Scrape job websites into a single spreadsheet with no duplicates.
MIT License
1.85k stars 215 forks source link

This setup won't work for the urls which have prefix as domain (like Indeed for New Zealand) #60

Closed riyaagrahari closed 4 years ago

riyaagrahari commented 4 years ago

Issue Template

Description

If I need to search for jobs in New-Zealand, it won't work because url formation always adds domain as prefix.

URL formation is developed in indeed.py It will be great if it provides support for URLs which have domain in prefix.

markkvdb commented 4 years ago

JobFunnel does not support countries other than Canada and the US at the moment. It might work by accident but most likely not. Adding more countries has one of the highest priorities but it has proved to be time-consuming work. The problem is that every country has its little problems.

riyaagrahari commented 4 years ago

JobFunnel does not support countries other than Canada and the US at the moment. It might work by accident but most likely not. Adding more countries has one of the highest priorities but it has proved to be time-consuming work. The problem is that every country has its little problems.

For now there are three files for scraping indeed.py, glassdoor.py, monster.py. What if we add an additional file which checks for url formed by adding domain name as prefix. It will check for the files and whichever url hits will get the scrape result

markkvdb commented 4 years ago

Good suggestion. I have been thinking for a while what would be the best way to support more countries since it seems that all countries need small specialisations (especially non-English speaking countries).
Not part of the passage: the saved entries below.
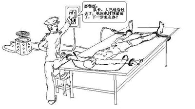 如图所示的是最残忍的电刑之一:叫电针,恶警可以任意调整电流、电压大小,毫无顾忌的迫害受刑者,高电压时,受刑者会被电流击得从床上弹起很高,全身痉挛,大小便失禁。如果受刑者心脏不好的话当场会导致死亡。更有许多处于绝食状态学员也被反复施以这样的迫害以强迫他们放弃绝食抗议。
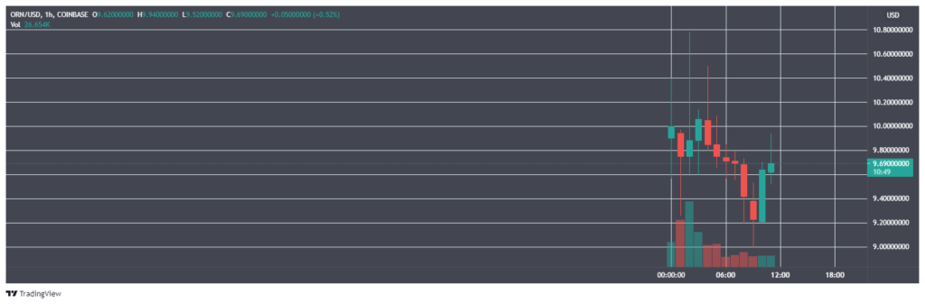 Монета проекта Orion Protocol, который нацелен на объединение ликвидности с централизованных и децентрализованных бирж на одной платформе, также подорожала с открытия. Цена ORN с $9,9 в моменте поднялась до $10,48. После коррекции токен торгуется на уровне около $9,7.
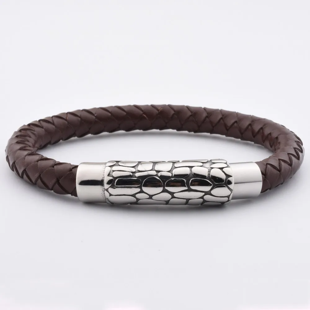 Jewelry Type | High Quality Men 8MM Brown Leather Bracelet Stainless Steel Magnetic Clasp Bracelet Wholesale |
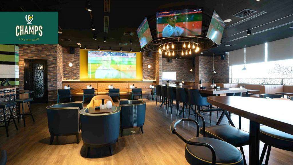 Además, en la planta baja, Champs ofrece comida estilo Gastropub, que incluye hamburguesas y alitas de pollo, junto con una selección de bebidas. Tiene un ambiente amigable y animado con temática deportiva con múltiples pantallas de TV para ver con todo detalle y en primera fila los acontecimientos deportivos.

Therefore, I was thinking of adding support for other countries one-by-one. One of the adaptions is indeed the base url. I was personally thinking of creating a dictionary with domain names as keys and the base urls as the values.

Your suggested approach might work for New Zealand but The Netherlands for example does have a completely different URL for monster -- monsterboard.nl instead of monster.nl.
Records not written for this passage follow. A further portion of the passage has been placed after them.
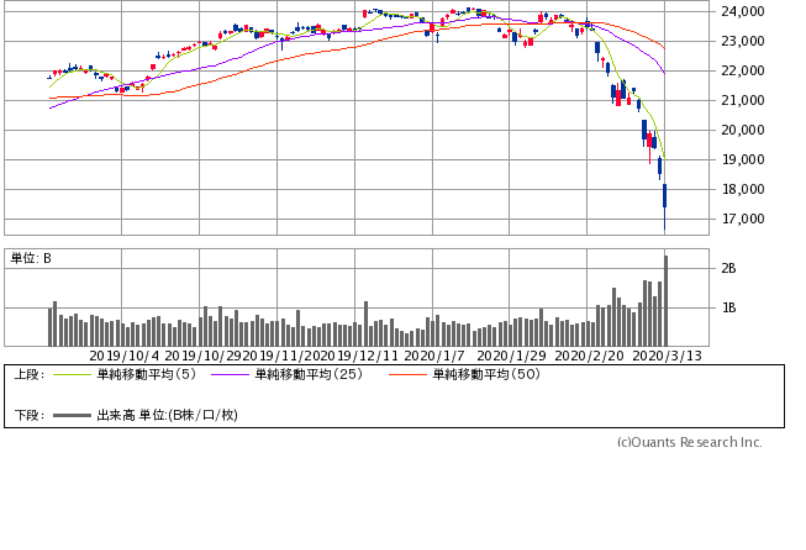 2万4448円だった株価は、あっという間に1万6690円まで一時的に下がりました。
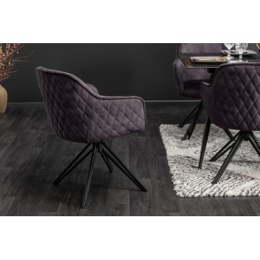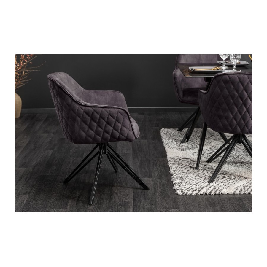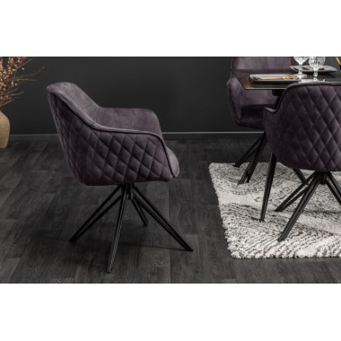 Invicta Krzesło EUPHORIA ciemno szary aksamitne obrotowe 180° / 40263
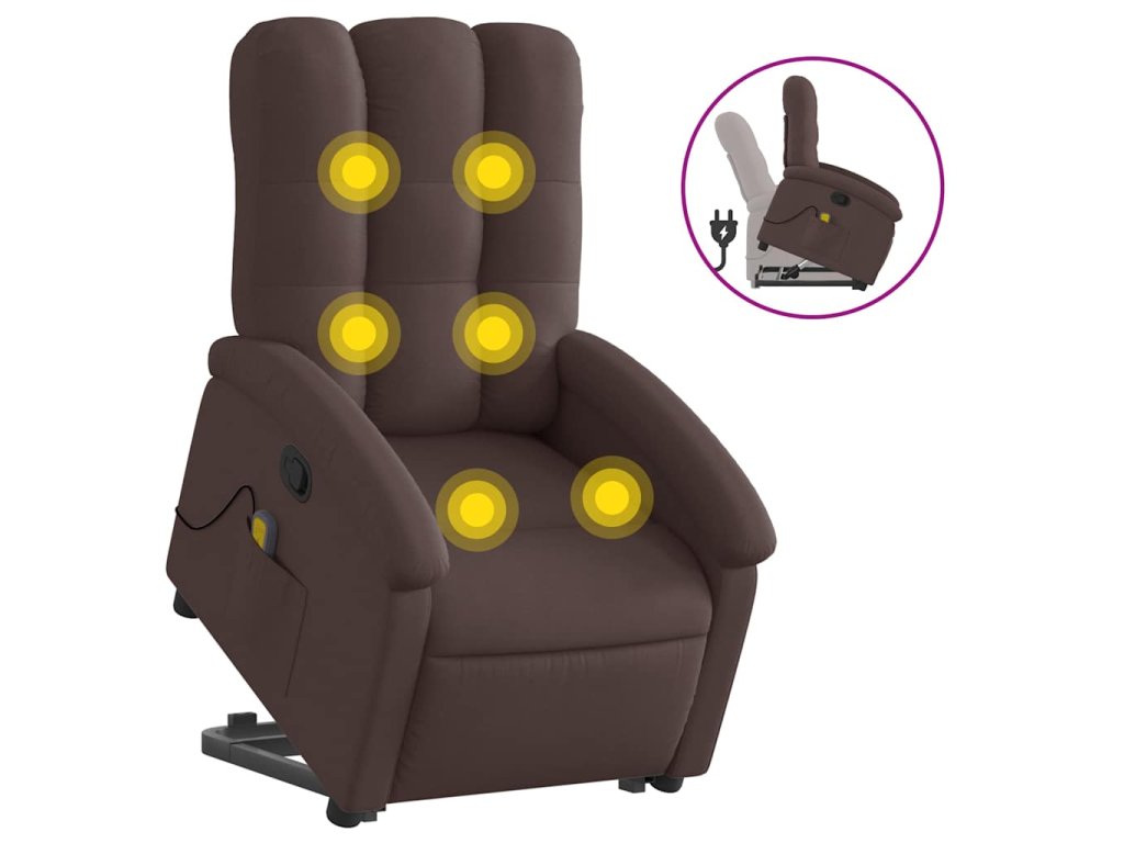 Multidom Zdvíhacie a sklápacie masážne kreslo tmavohnedé látkové

riyaagrahari commented 4 years ago

Yes, this was one of the case scenario for one country. I researched and found the same. We can keep a dictionary of domain name and URL respectively. But it is much time-consuming task. Would really need help for adding this functionality

markkvdb commented 4 years ago

The problem is not so much to add a dictionary with URLS for the supported domains but rather all the nitty-gritty changes necessary to support different countries. It requires a systematic review of all facets of the scraper. This would allow to see similarities between all domains and see specific difference. With this, we could adapt the code base to add these other domains in an as-abstract-as-possible manner.

In short, this is probably the hardest functionality to add to JobFunnel but it could be a lot of fun to work on it together with a few contributors. We must however decide on how we want to approach this. If you'd ask me, I would go for a "theoretical" analysis first before even starting on changing code.